Here is the base template file you will be working with: hw5_template.cpp
Submission: Please submit your completed hw5.cpp code as one (1) file using your UNIX account and the hw5-submit command:
Points: the point value for this assignment is 6.
As always, if hw5-submit fails, you can e-mail me your hw5.cpp code : chipp@sci.brooklyn.cuny.edu
Background
Evolutionary Algorithms takes mechanisms that are inspired by biology and evolution: reproduction, mutation, recombination, and natural selection to evolve and simulate an artificial population. Evolutionary Algorithms are used in Genetic Programming and Algorithms to optimize solutions to problems that are otherwise too complex for explicit solutions. Traditional examples include finding the optimal set of values for circuit components in large non-linear systems. More recent examples of genetic programming is used in evolutionary filter design, video games designs, and in games of life and large multi-agent systems.
Implementation of an Evolutionary Algorithm
Population of Genes
An evolutionary algorithm will operate on a population of objects which we will call Genes. When our simulation starts, a large pool of Genes (i.e. 5000) will be created. Each Gene will have a genotype, and in our case the genotype will be a string of characters (which characters will be defined at run time according to a Policy).
Example:
Here is a diagram of our Gene object. Within the Gene we will have a string of characters that define the "type" of Gene it is according to the genotype.

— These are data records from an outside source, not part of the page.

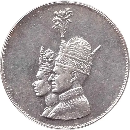 | Описание аверса | Left Busts Of Mohammadreza Pahlavi and Farah Pahlavi. |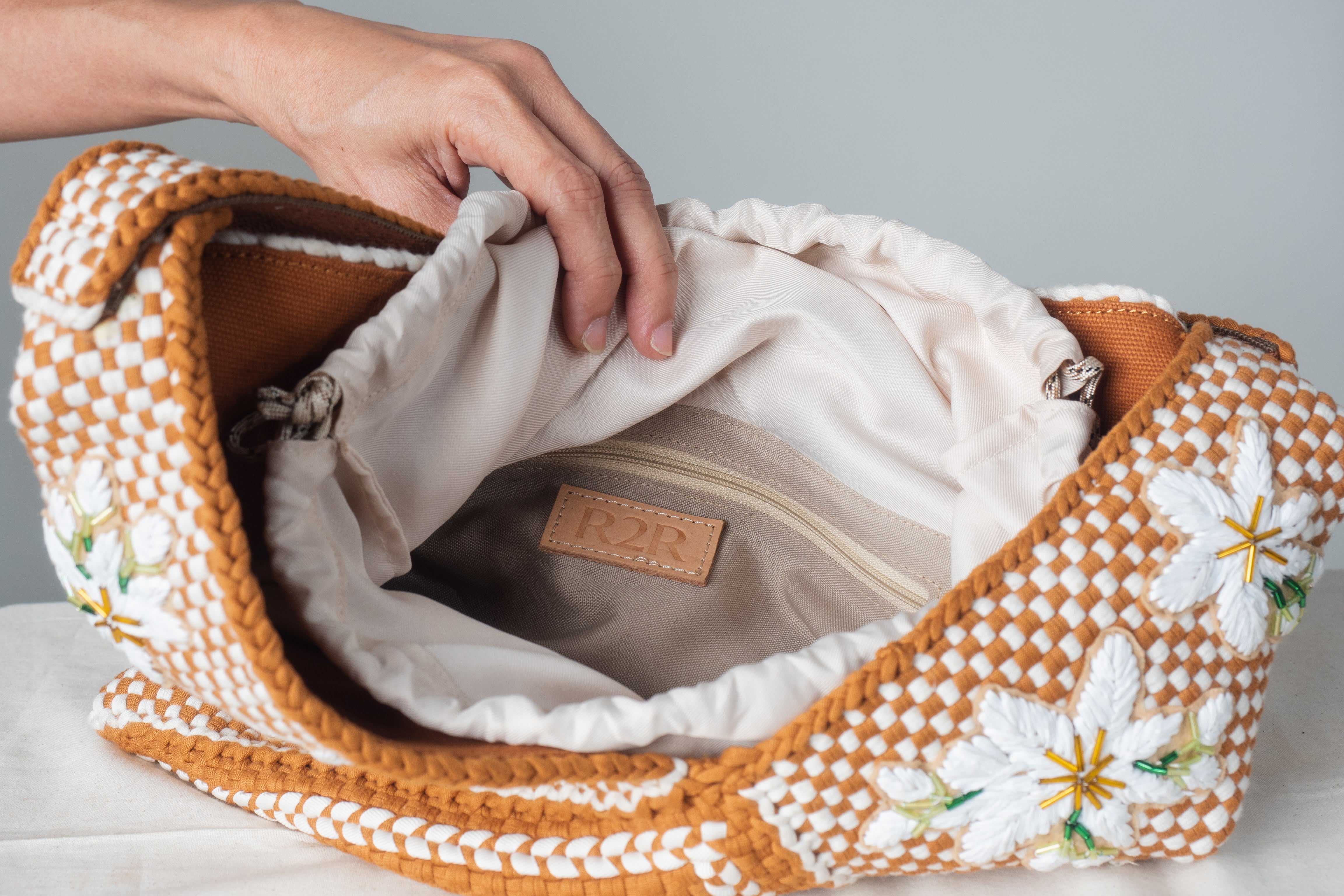 - Signature R2R weave handwoven with upcycled fabric by the R2R artisans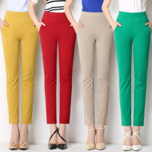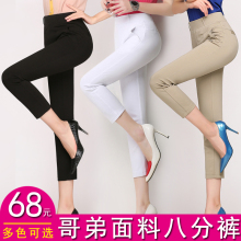 2017夏季薄款九分裤高腰女裤子松紧腰小脚裤弹力大码中年妈妈裤夏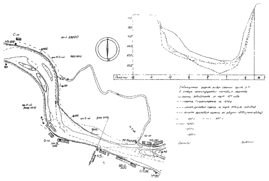 1Указать выше или ниже перехода. 3.4. Климатическая характеристика района мостового перехода(см. п. 2.2) 3.5. Водный режимГенезис и внутригодовое распределение стока. Особенности формирования и подробная характеристика паводкового периода (ранние, средние и поздние даты начала и окончания, интенсивность и продолжительность подъема и спада паводка, амплитуда колебаний уровней). Если мостовой переход находится в зоне подпора другой рекой, приводятся аналогичные данные для этой реки, с указанием расчетных для мостового перехода условий. Если гидротехнические сооружения, расположенные выше или ниже створа мостового перехода, меняют водный режим водотока в районе перехода, дается подробная количественная характеристика этих изменений. Влияние на режим реки подпорных и сгонно-нагонных явлений и водохозяйственной деятельности. Характеристика много- и маловодных периодов. Характеристика изменения уровней в течение года, продолжительность стояния наинизших уровней. Уклоны водной поверхности и скорости течения в районе мостового перехода при меженных и паводковых уровнях. Характеристика гидравлической работы живого сечения в паводок по оси перехода и расчетных морфостворов, интенсивность работы отдельных элементов сечений, проток и староречий, спрямляющие течения на пойме, наличие мертвых пространств. 3.6. Ледовый режимРанние, средние и поздние сроки наступления ледостава, появление заберегов, донного льда, продолжительность и интенсивность шути, осеннего ледохода и их характеристика. Наличие зажоров, места и причины их образования, подъем и продолжительность стояния зажорных уровней. Характеристика ледового покрова. Наибольшая наблюденная толщина и обоснование расчетной толщины льда в районе перехода, возможность образования наледей, характеристика уровней в зимний период. Ранние, средние и поздние сроки вскрытия реки, время прохождения ледохода относительно пика весеннего паводка. Характеристика первой подвижки льда и весеннего ледохода: его продолжительность, размеры плывущих льдин и их траектории, наличие ледяных заторов, причины их образования и местоположение, продолжительность стояния и подъема заторных уровней. Характеристика ледохода в отдельных частях живого сечения, места выхода льда на пойму. 3.7. Природные русловые деформацииОписание характера руслового процесса на участке реки в районе перехода. Наличие отмелей, побочней гряд, плесов и перекатов, очередков и островов, конфигурация и высота берегов русла. Интенсивность русловых переформирований: смещение русловых образований, деформаций берегов с указанием конкретных изменений за установленные сроки. Изменение отметок дна на плесах и перекатах в паводковый и меженный периоды. Влияние на русловой процесс гидротехнических сооружений и водохозяйственной деятельности. При наличии в русле рек карьеров строительных материалов приводят их размеры. Для судоходных рек указывают изменение фарватера за определенные сроки, препятствия судоходству и данные о дноуглубительных работах. Совмещенные лоцманские карты за разные годы, план участка реки с указанием мест деформаций берегов русла и совмещенные поперечные профили размываемых мест приводят в приложении (см. прил. 5). В тексте дается анализ этих материалов, указывается возможность уширения русл

Gene's genotype | GCGGGCGTTT |
Fitness of a Generation
We will group our population of Genes into another object called a Generation. This way a popultion of Genes can be associated with each other as belonging to the same Generation. Within a Generation, we will assign a fitness (i.e. a number describing how fit an individual Gene is, which describes how likely the Gene will survive to the next Generation). The fitness will be defined by a Policy that will be defined at run time.
Example of a Policy:
Trait (i.e. a character in the genotype) | Fitness Score |
A | -0.5 |
T | 1.0 |
G | 0.5 |
C | -1.0 |
So the fitness of our previous Gene (GCGGGCGTTT) is :
Total Fitness Score (GCGGGCGTTT) = 0.5 - 1.0 + 0.5 + 0.5 + 0.5 - 1.0 + 0.5 + 1.0 + 1.0 + 1.0 = 3.5
Policy File
In order to change the Policy at runtime we will encode the Policy in a simple text file with number of traits followed by the trait-fitness score pairs in a format similar to the attribute pairs in XML. Here is the above policy encoded for the Policy file:
4 A="-0.5" T="1.0" G="0.5" C="-1.0"
Here is an example Policy file.
Our Evolutionary program will at runtime open the Policy and read the traits and score pairs into a Policy Object. Here the class we will use to store the Policy Object:
class Policy { private: double * scores; char * traits; int size; public: Policy(char * policy_file); ~Policy(); double getScore(char trait) const; char * getTraits() const { return traits; } int getSize() const { return size; } };
At runtime both the traits and the scores need to by dynamically created to the size (i.e. the member attribute size will store the size of the Policy, the number of traits and values) specified in the Policy File (i.e. the first number, 4 in the case of our example). The constructor (i.e. Policy(char * policy_file) ) will open the file specified by it's string arguement and read the trait and score pairs into their respective arrays.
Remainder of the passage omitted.